▶ [Dataset records]:
----

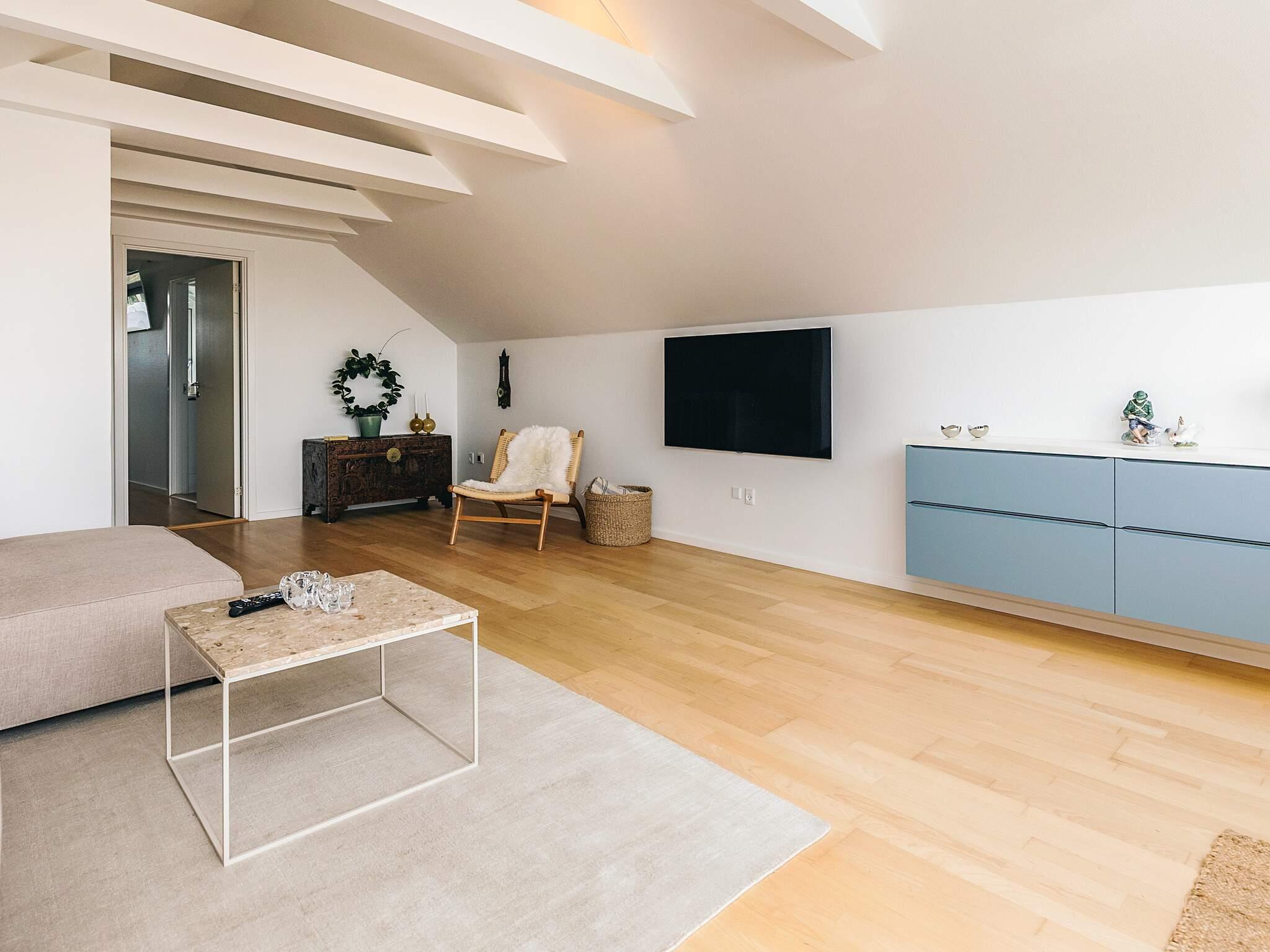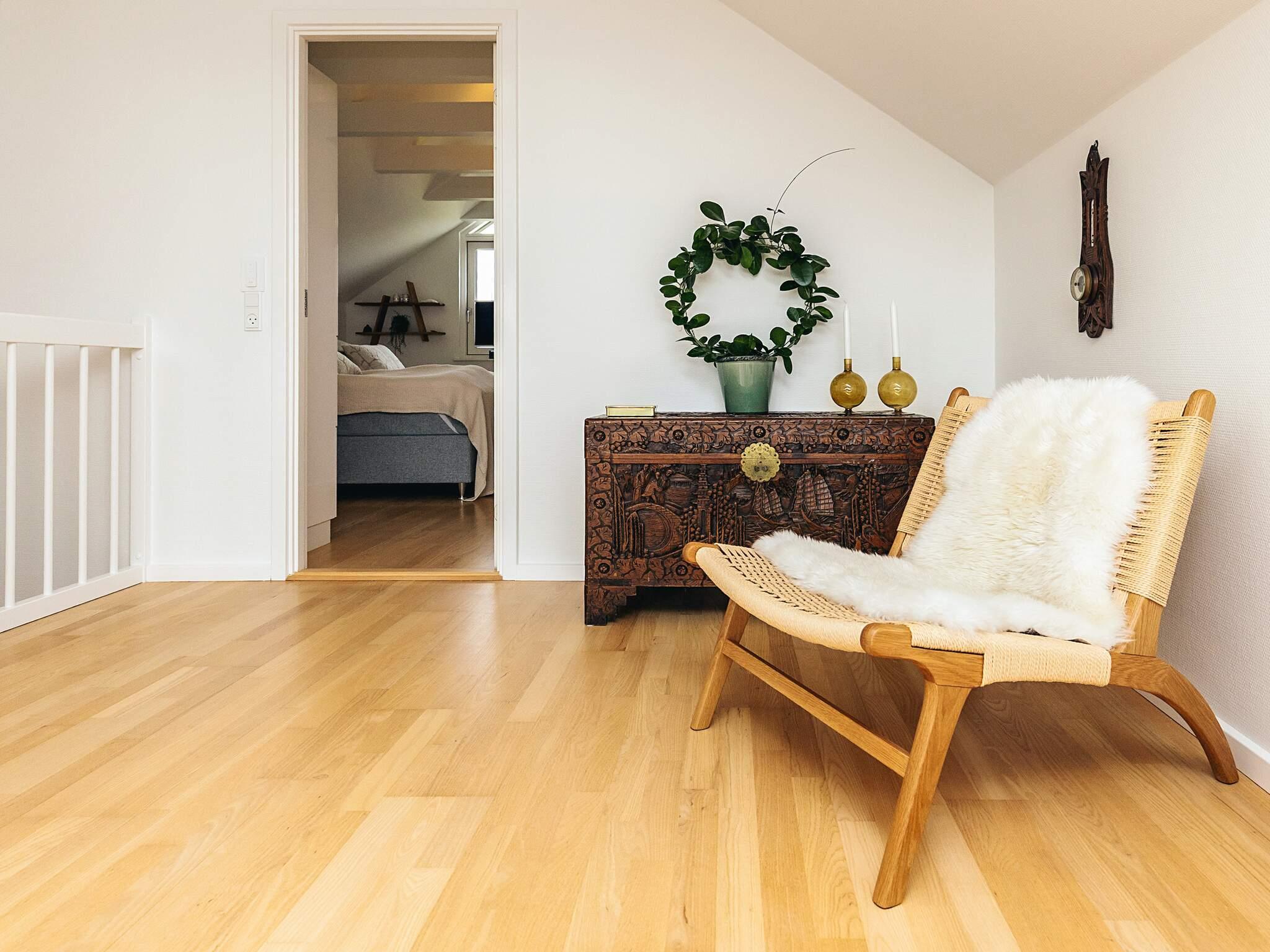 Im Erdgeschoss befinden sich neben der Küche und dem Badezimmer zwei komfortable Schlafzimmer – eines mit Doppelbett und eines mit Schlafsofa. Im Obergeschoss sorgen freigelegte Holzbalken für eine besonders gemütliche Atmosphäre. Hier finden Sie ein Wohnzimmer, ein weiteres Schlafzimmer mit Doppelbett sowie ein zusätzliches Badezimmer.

----

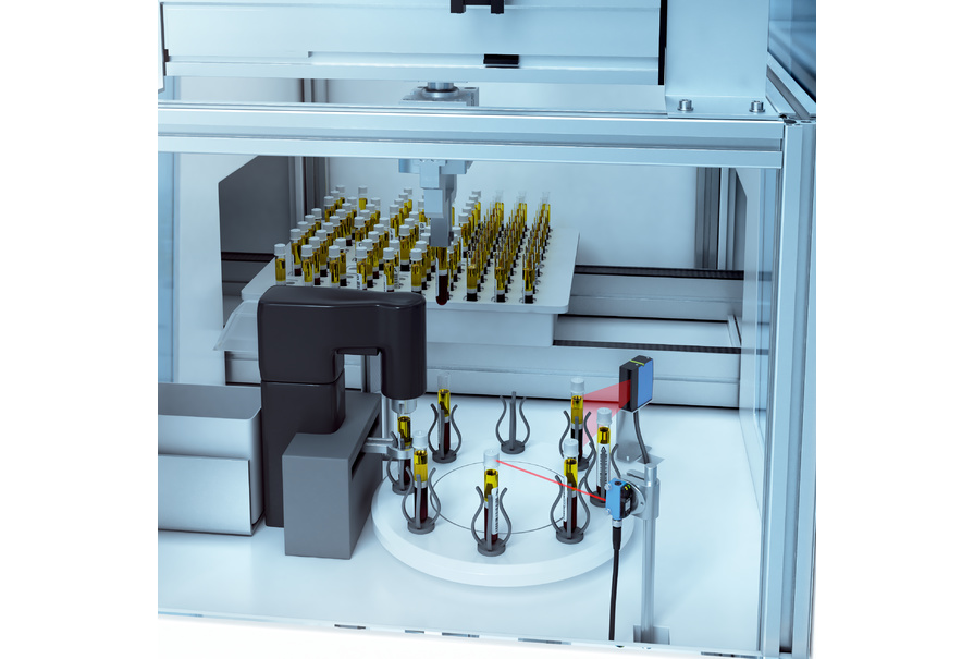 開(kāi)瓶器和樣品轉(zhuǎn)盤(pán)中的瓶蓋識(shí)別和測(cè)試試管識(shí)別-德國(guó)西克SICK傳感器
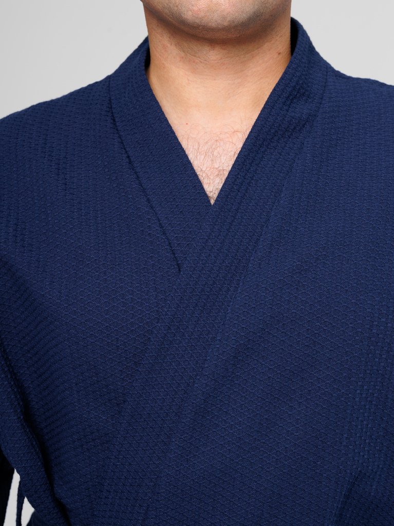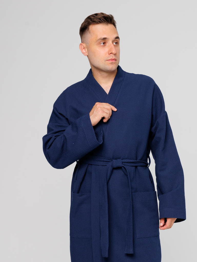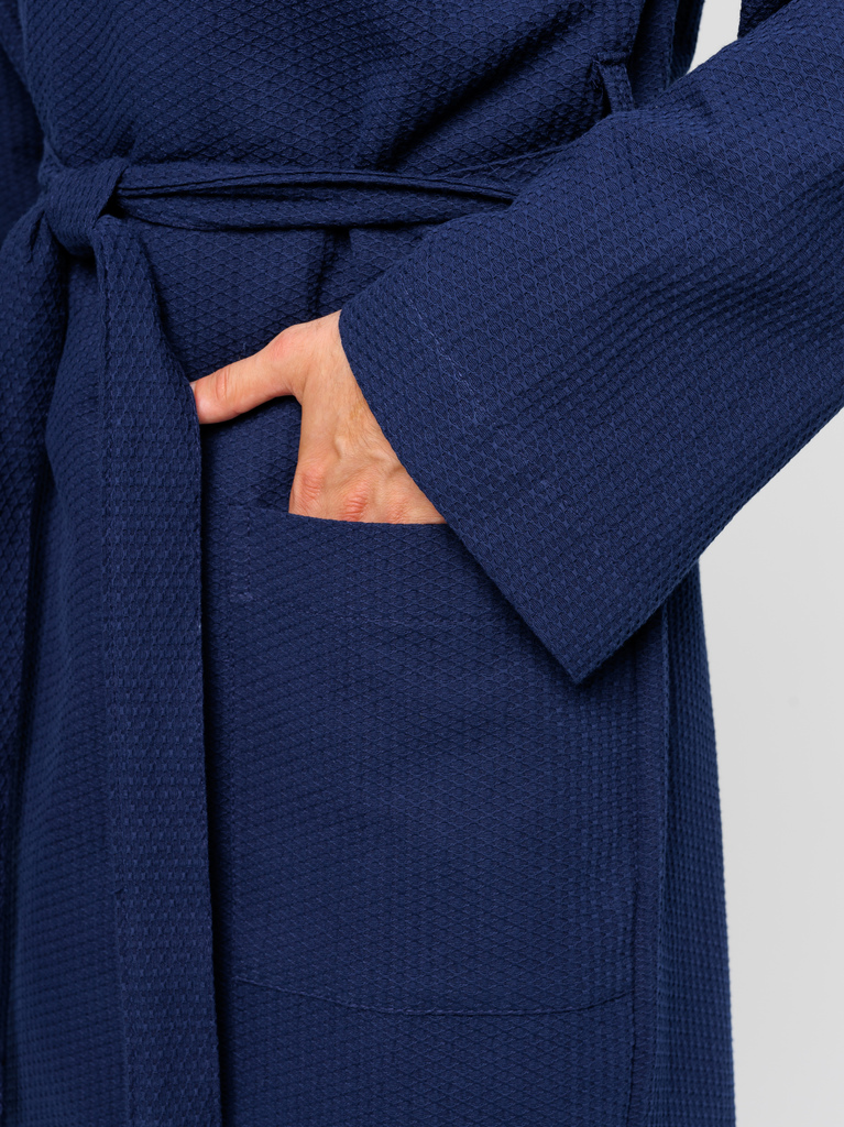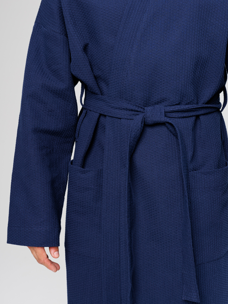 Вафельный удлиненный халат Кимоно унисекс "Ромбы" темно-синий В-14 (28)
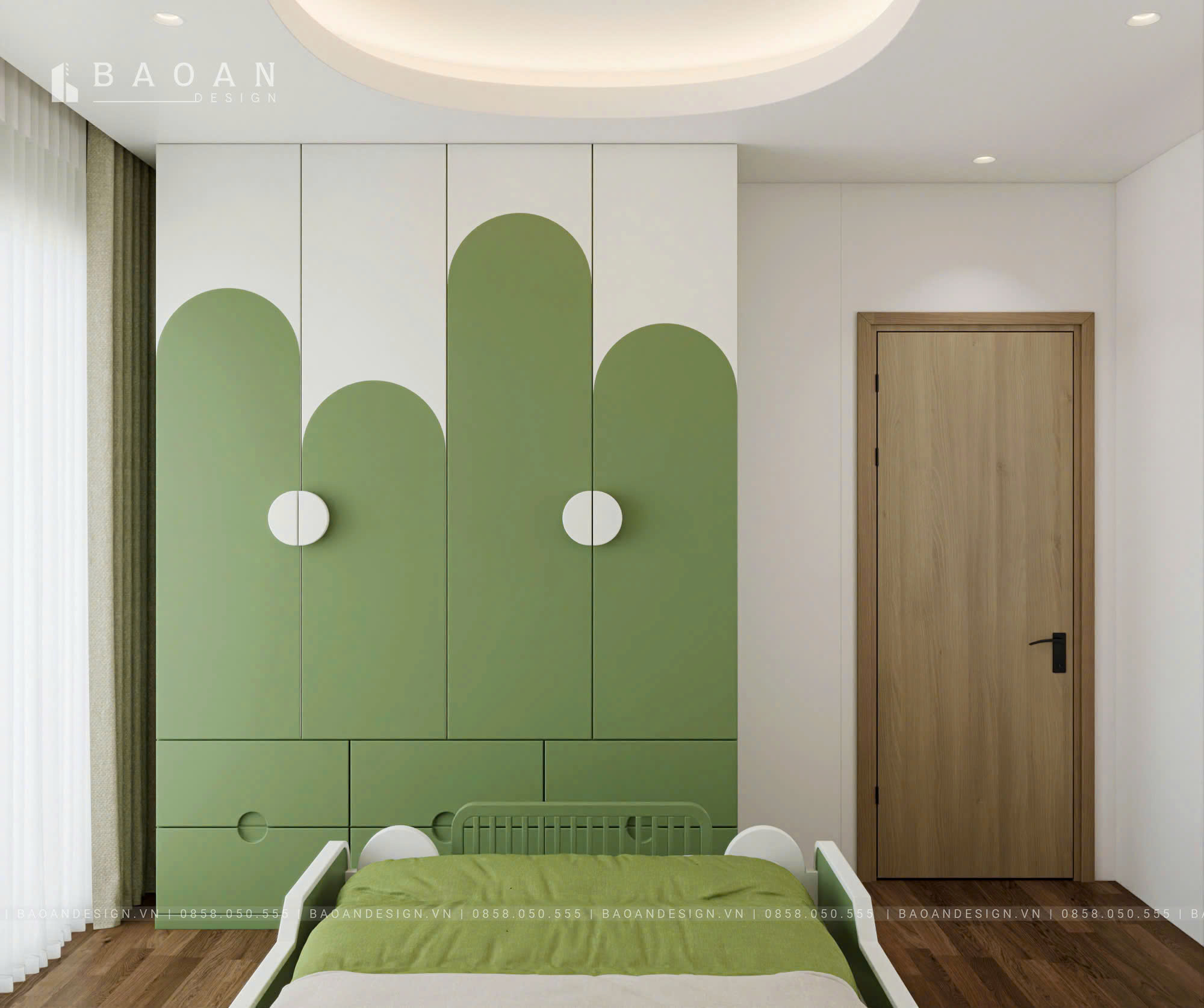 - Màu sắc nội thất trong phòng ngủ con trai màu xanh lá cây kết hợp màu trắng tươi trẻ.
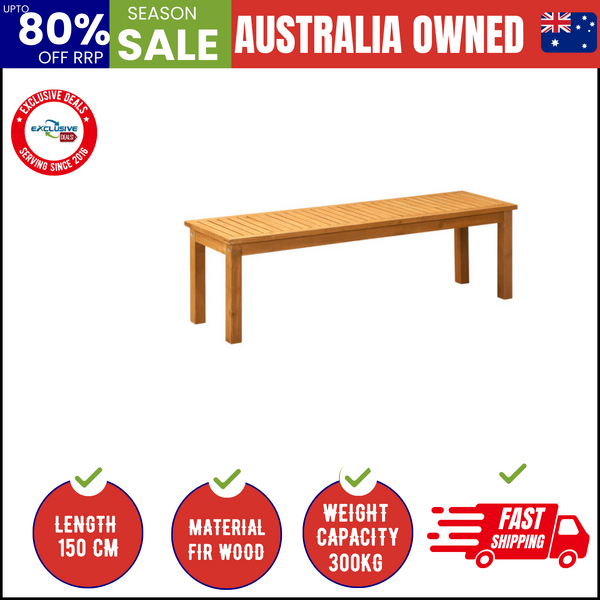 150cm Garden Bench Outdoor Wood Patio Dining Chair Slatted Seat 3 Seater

----

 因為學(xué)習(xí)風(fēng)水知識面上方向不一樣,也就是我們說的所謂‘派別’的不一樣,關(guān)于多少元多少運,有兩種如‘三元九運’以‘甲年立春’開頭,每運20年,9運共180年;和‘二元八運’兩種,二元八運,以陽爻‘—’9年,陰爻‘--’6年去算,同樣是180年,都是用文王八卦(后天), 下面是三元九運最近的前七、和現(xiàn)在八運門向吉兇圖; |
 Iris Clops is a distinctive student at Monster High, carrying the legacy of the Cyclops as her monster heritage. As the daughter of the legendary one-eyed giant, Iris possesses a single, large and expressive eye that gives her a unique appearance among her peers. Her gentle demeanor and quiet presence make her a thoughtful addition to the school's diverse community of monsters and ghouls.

----

▶ [Task]: Although pictures appear among the records above, write out exactly only the lines from the one that has "Вафельный удлиненный халат" through the one that has "150cm Garden Bench", and leave the pictures out.

▶ [Worked solution]:
 Вафельный удлиненный халат Кимоно унисекс "Ромбы" темно-синий В-14 (28)
 - Màu sắc nội thất trong phòng ngủ con trai màu xanh lá cây kết hợp màu trắng tươi trẻ.
 150cm Garden Bench Outdoor Wood Patio Dining Chair Slatted Seat 3 Seater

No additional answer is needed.